Star Wars: The Force Unleashed


From the opening screens (“In a galaxy far, far away…”) to the way the story is animated and illustrated, from the original theme music to the sound effects, it’s very obvious that this is a very big budget game. The quality of the background artwork in all the fight set pieces is Stunning – with a capital S – it’s almost worth buying the title just to have a gorgeous piece of the Star Wars universe on your phone. Almost.

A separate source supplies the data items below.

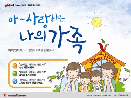 먼저 ‘고마워요, 사랑하는 나의 가족’ 이벤트는 사랑하는 나의 가족에게 고마운 마음을 전하는 칭찬 댓글 이벤트다. 비타민하우스 홈페이지(www.vitaminhouse.net)에 재치 있고 감동적인 글을 올리면 추첨을 통해 비타민을 선물로 증정한다. 또 비타민하우스 공식 카페(http://cafe.naver.com/vitaminpower)에서는 ‘행복해요, 사랑하는 나의 가족’이라는 주제로 가족을 직접 소개하는 이벤트를 연다.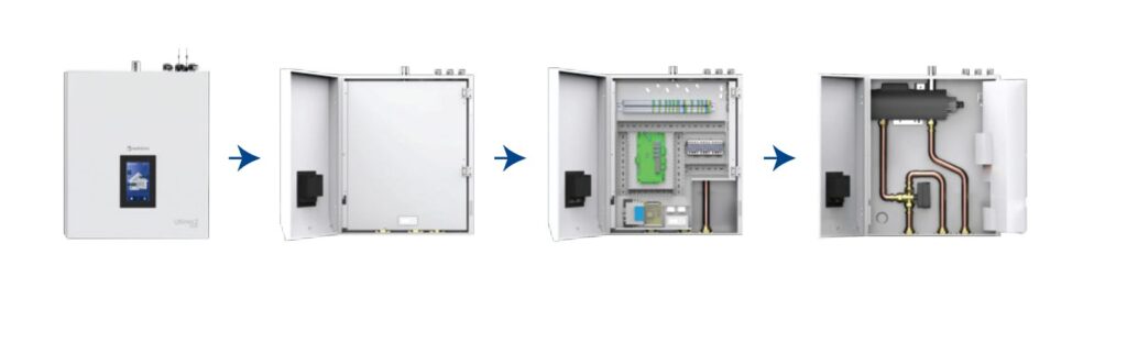 Aprendo il pannello frontale con cerniere e lo sportello dell’automazione di controllo, il sistema idraulico risulta facilmente accessibile. Questo garantisce un comodo accesso a tutti i componenti del sistema idraulico e di controllo.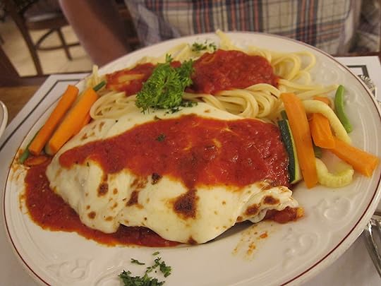 While this was not much like any Asian grilled pork chops I’ve tasted, it was edible. The house-made chili sauce was another matter, though — this was, again, intensely sweet. (In fact, it looked and tasted just like the bottled sweet chili sauces I’ve purchased at Asian groceries for sous chef, who is partial to them.) What we couldn’t figure out was what the gritty coating of crunchy bits on top was — after a few tastes, our best guess was Kraft grated parmesan cheese.

You see, apart from the odd train simulator, never has the phrase ‘on rails’ seemed so appropriate. Throughout all the action, despite all the luxurious cut scenes and backgrounds, it gradually dawns on you that you have absolutely no control over your hero (or should that be anti-hero? – you do work for Darth Vader, after all!). He enters a set piece fight – and you fight, trying to stay alive and defeat the bad guys – and then you’re moved on to the next set piece, and so on, until the end of the chapter (mission). There’s no “I wonder what happens if I wander over there?” or “Can I get rid of those sentries first before tackling that other batch of storm troopers?” Within a set piece, you can’t move your character manually AT ALL. In many cases you just have to stand still, waiting for incoming fire to deflect or for opponents to come within range. It’s all rather unsatisfactory.

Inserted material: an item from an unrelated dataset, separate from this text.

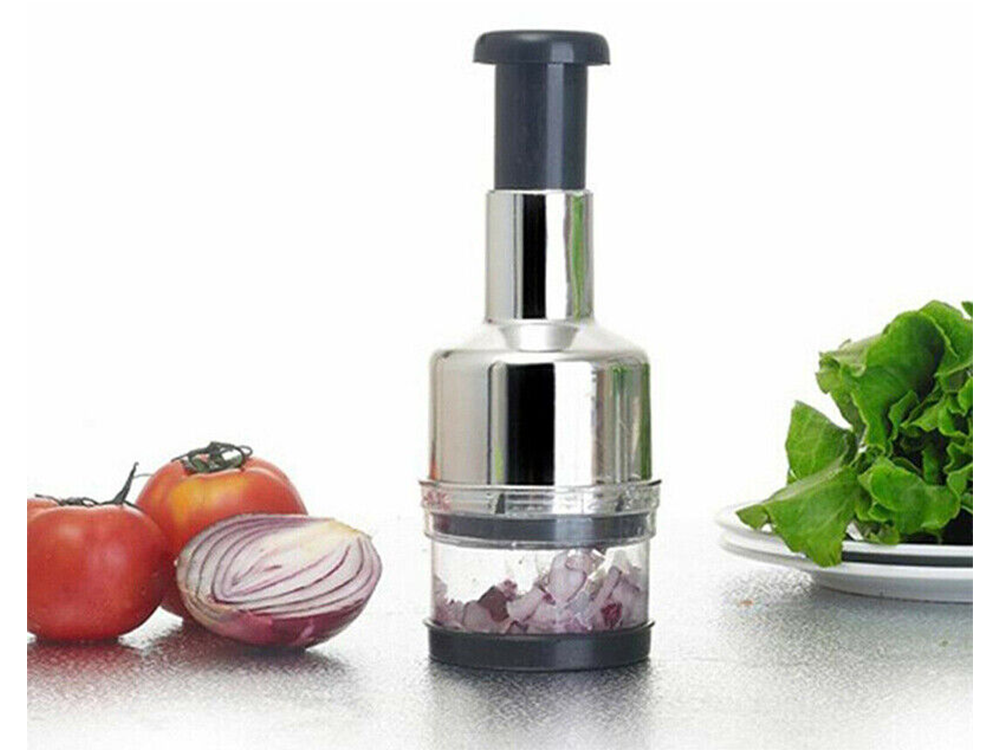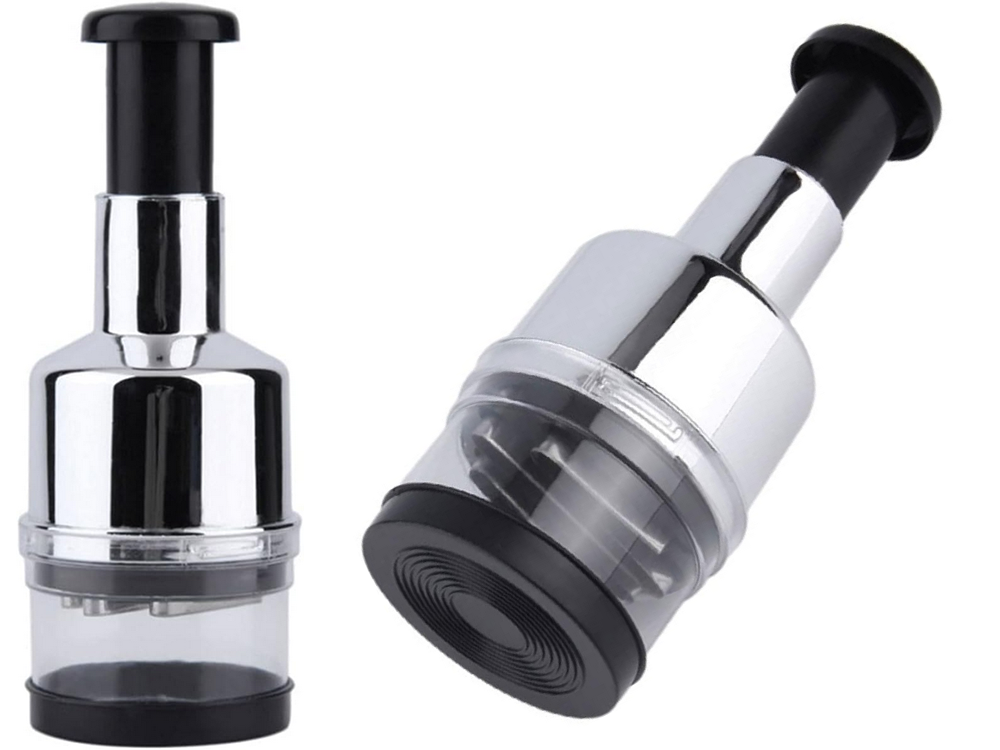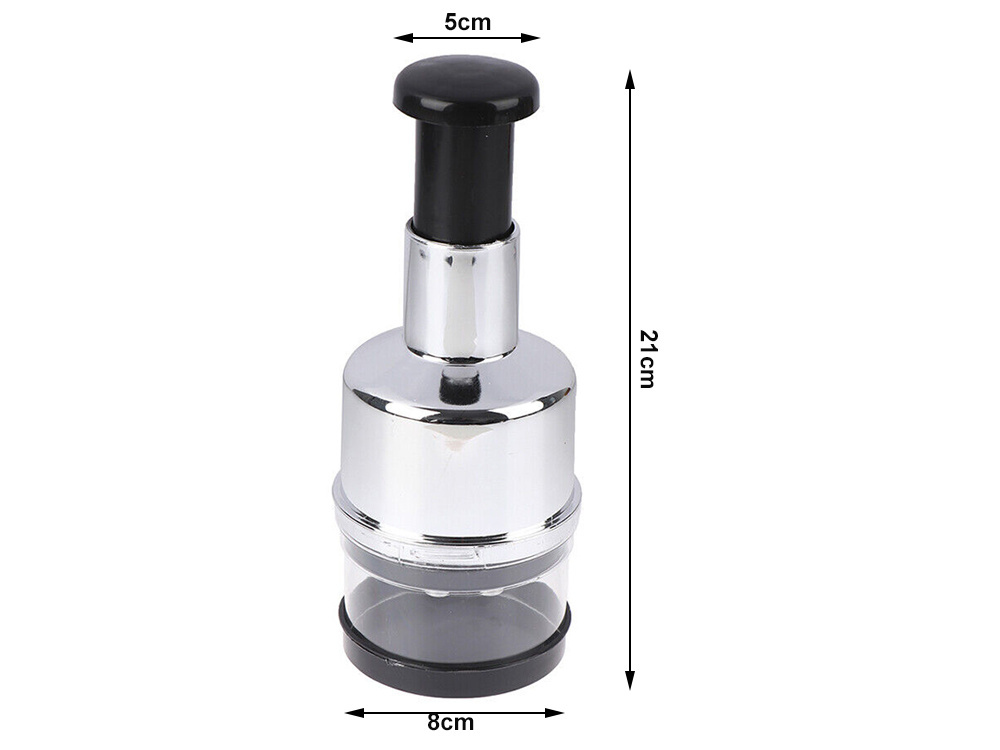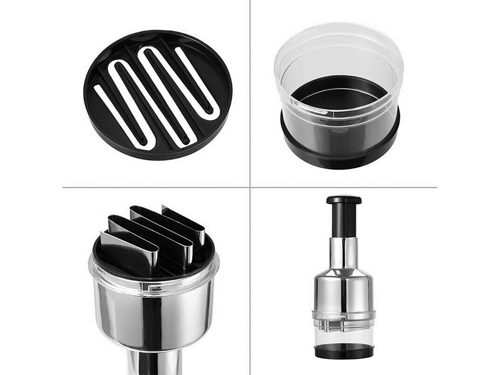 Posiada 6 ostrych noży, które posiekają większość produktów żywieniowych . Po każdym wciśnięciu, ostrza opadają na dół dokładnie szatkując zawartość pojemniczka.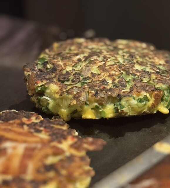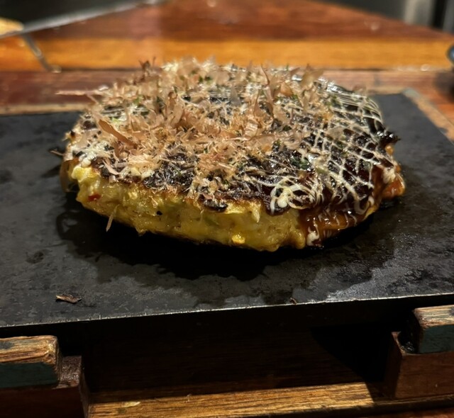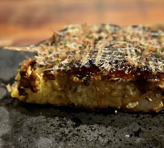 「Moegi」さんのふかふかお好み焼き、キムチ入りなので少し色が濃い目

In addition, there are numerous problems with both the premise and mechanics of Force Unleashed. The idea of ‘drawing’ specific shapes to select/control each opponent and then other gestures to bash them against the nearest bulkhead is a good one, it’s a nice analogue ‘light sabre-ish’ way to fight. The only trouble is that because all these storm troopers are theoretically on your side, you don’t get to really use your light sabre as a, you know, sabre. You just use ‘The Force’ to render each trooper unconscious – there’s no actual contact, let alone lopping off arms or killing anyone. A litany of ‘special’ gestures has to be learned, invoking the famous ‘Jedi Mind Trick’, activating some kind of self-healing, and so on. These areĀ  fair enough, but some of the other gestures, such as the aforementioned fire-deflecting, don’t always work as advertised.

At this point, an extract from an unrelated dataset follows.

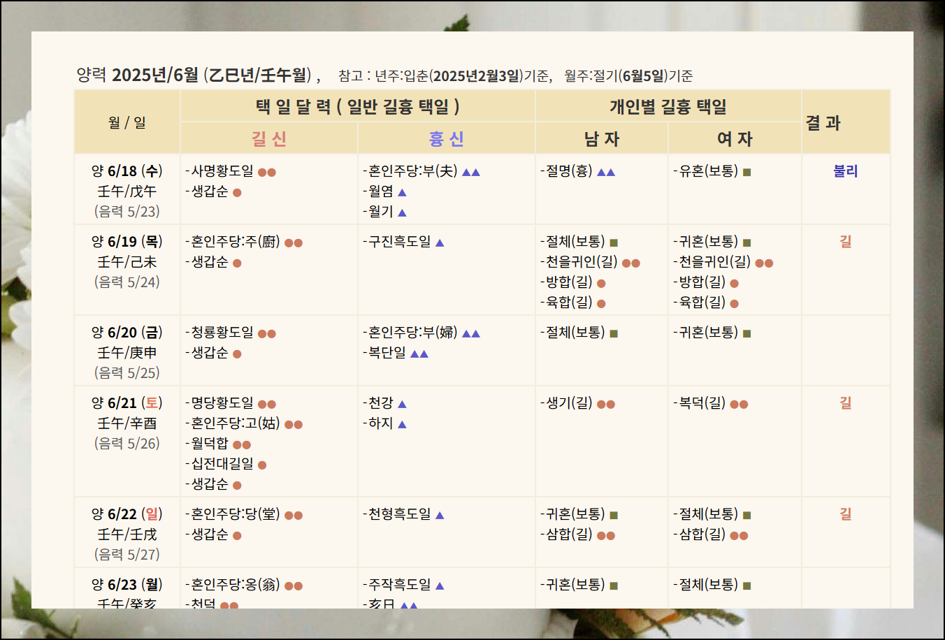 2025년 결혼 길일 확인하기, 전통 택일법으로 행복한 날 고르는 법
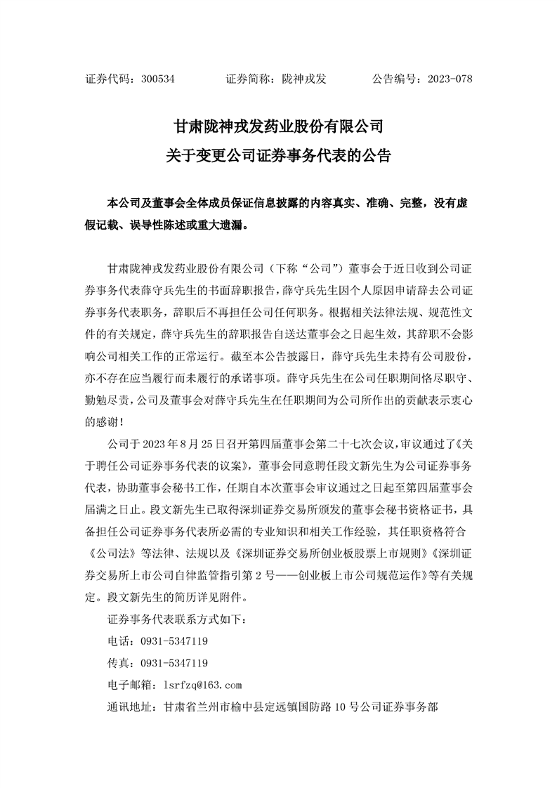 關于變更公司證券事務代表的公告

Then there’s the plot problem. As Darth Vader’s Apprentice, you’re supposed to be completing missions without giving yourself away – surely dozens of stunned storm troopers, all of whom are going to wake up and squeal to the Emperor are a bit of an issue? Despite the money poured into this mobile title, if you persevere through Star Wars: Force Unleashed to the bitter end then you and Darth Vader deserve each other.